LeRobot-compatible dataset of expert-teacher cable-insertion trajectories, collected inside the AI for Industry Challenge (AIC) Gazebo simulation with ground_truth:=true so every port/plug/TCP pose is logged exactly. The teacher is the reference CheatCode policy (aic_example_policies.ros.CheatCode).

What is in it

N episodes — one per trial. Each episode is a full approach + insertion attempt (truncated just after the closest approach, so the steady-state post-insertion hold is mostly absent).
Two trial types, interleaved by episode index:
- sfp — SFP module → SFP port on a NIC card
- sc — SC plug → SC optical port
Three wrist-mounted cameras at 1152×1024 RGB, 20 Hz, H.264 CRF 23 (mp4).
Full per-frame ground-truth labels for the target port's 6D pose and 9 cuboid keypoints, plus the plug, the TCP and the task board.

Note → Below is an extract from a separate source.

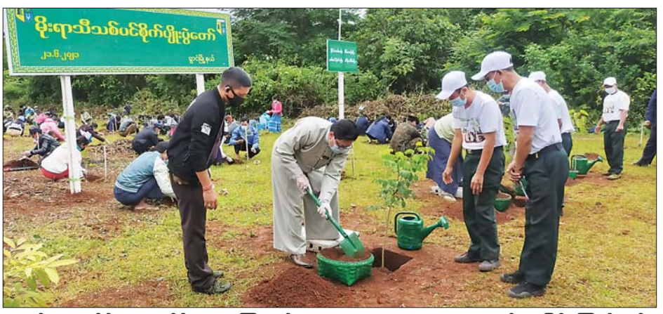
များကို ဌာနဆိုင်ရာတာဝန်ရှိသူ ခဲ့ကြသည်။ ယူကလစ်များဖြစ်ကြောင်း သိရများ၊ အသင်းအဖွဲ့များနှင့် ဒေသခံ ယနေ့စိုက်ပျိုးသည့် ပျိုးပင် ပြည်သူများက စိုက်ပျိုး များမှာ ခါတော်မီ၊ ပိတောက်၊ သည်။

နိုင်ငံအဝန်း စိမ်းလန်းစိုပြည်ရေးနှင့် သဘာဝပတ်ဝန်းကျင် တိုးတက်ကောင်းမွန်လာစေရေးကို အထောက်အကူပြုစေပြီး သဘာဝတောများမှ သယံဇာတ ထုတ်ယူသုံးစွဲမှု လျှော့ချနိုင်ရေး၊ ကျေးလက်ပြည်သူများ၏ အခြေခံစားဝတ်နေရေး လိုအပ်ချက်ကို ဖြည့်ဆည်းပေးနိုင်ရေးနှင့် ဒေသခံ ပြည်သူများ၏ လူမှုစီးပွားဘဝ ဖွံ့ဖြိုးတိုးတက်လာစေရန် ရည်ရွယ်၍ သစ်ပင်စိုက်ပျိုးပွဲကို ကျင်းပ

Successes and partial / failed trials are saved the same way; the distinction lives in meta/episodes.jsonl (success_tier3).

Layout

<dataset_root>/
├── README.md                                          # this file
├── meta/
│   ├── info.json                                      # dataset schema + fps
│   ├── episodes.jsonl                                 # one row per episode
│   ├── tasks.jsonl                                    # task type dictionary
│   └── validator_report.json                          # (optional) sanity audit
├── data/chunk-000/
│   └── episode_XXXXXX.parquet                         # 20 Hz time series
├── videos/chunk-000/
│   ├── observation.images.left/episode_XXXXXX.mp4
│   ├── observation.images.center/episode_XXXXXX.mp4
│   └── observation.images.right/episode_XXXXXX.mp4
└── assets_snapshot/
    ├── camera_info.json                               # K, D, size, cam←tcp static
    ├── keypoints_sfp.json                             # port frame 9-keypoint spec
    └── keypoints_sc.json

Parquet schema (per frame)

Indexing

column	type	meaning
`timestamp`	float	seconds since the first frame of this episode (wall clock)
`frame_index`	int	0-based within the episode
`episode_index`	int	0-based, unique within the dataset
`task_index`	int	0 = SFP trial, 1 = SC trial

Observations

column	shape	units	notes
`observation.images.{left, center, right}`	`(H, W, 3)` uint8 RGB	pixels	stored in mp4; read with imageio / cv2 / lerobot loader
`observation.state.joints`	`(7,)`	rad (joint 1-6) + m (gripper width, index 7)	current joint positions
`observation.state.gripper`	`(1,)` or None	m	Gazebo's `/gripper_state`; may be null when the stock eval container doesn't publish it
`observation.wrench`	`(6,)`	N, N·m	`[fx, fy, fz, tx, ty, tz]` at the F/T sensor
`observation.tcp_pose_actual`	`(7,)`	m + unit quat (xyzw)	current gripper TCP in base_link: `[x, y, z, qx, qy, qz, qw]`
`observation.tcp_pose_target`	`(7,)`	m + quat	controller reference TCP
`observation.tcp_velocity`	`(6,)`	m/s + rad/s	`[vx, vy, vz, ωx, ωy, ωz]`

Actions (teacher commands)

column	shape	notes
`action.pose_command`	`(7,)` or None	last `MotionUpdate.pose` published by CheatCode (xyz + xyzw quat in base_link)
`action.joint_command`	`(7,)` or None	Joint-mode command; always `None` with CheatCode (Cartesian-only)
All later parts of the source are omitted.